Infantry brigade of the Australian Army during World War II

The 29th Brigade was an infantry brigade of the Australian Army that was raised for service during World War II. Formed in late 1941 as part of the Militia, the brigade was initially formed for home defence in response to Japan's entry into the war. Composed of three Queensland-based infantry battalions and various supporting elements, the brigade initially undertook defensive duties around Townsville in 1941–1942 before deploying to New Guinea in 1943. There, the brigade undertook garrison duties before taking part in the Salamaua–Lae campaign. After a period of almost 18 months overseas, the brigade's elements were returned to Australia for a period of rest and reorganisation before later being assigned to the Bougainville campaign in 1944–1945. After the war, the brigade was disbanded in December 1945, along with its component units.

==History==
Raised on 20 December 1941 under the command of Brigadier Thomas Louch for service during World War II, the 29th Brigade was formed as part of the Militia, Australia's part-time military force. The brigade's headquarters opened in January 1942 at Ascot, Queensland, and the formation was initially tasked with undertaking defensive duties in response to concerns about a possible invasion from the Japanese. In March 1942, two of the brigade's three infantry battalions—the 42nd and 47th Battalions—began concentrating in Tiaro where they formed part of the 5th Division. The 25th Battalion remained in Toowoomba, to reinforce the 7th Brigade.

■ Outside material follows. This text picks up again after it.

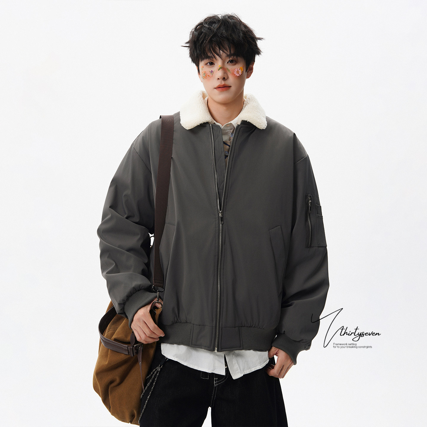 天猫V37美式棕灰色羊羔绒翻领棉衣外套男冬季加厚保暖工装棒球棉服潮

After units of the Second Australian Imperial Force began to arrive in Australia to reinforce the east coast, in April 1942 the brigade began moving to Townsville. There, the 15th Battalion was assigned to the brigade, which took up defensive duties, constructing defences along line between Giru and Rollingstone. During the Battle of Coral Sea, when the threat of invasion seemed imminent, the brigade was moved to the coast, issued ammunition for the first time and stood-to in preparation for a Japanese landing. In the event, this invasion did not occur and the brigade was stood down, returning to more mundane garrison duties, before moving to Mount Spec, to undertake jungle training in preparation for overseas service.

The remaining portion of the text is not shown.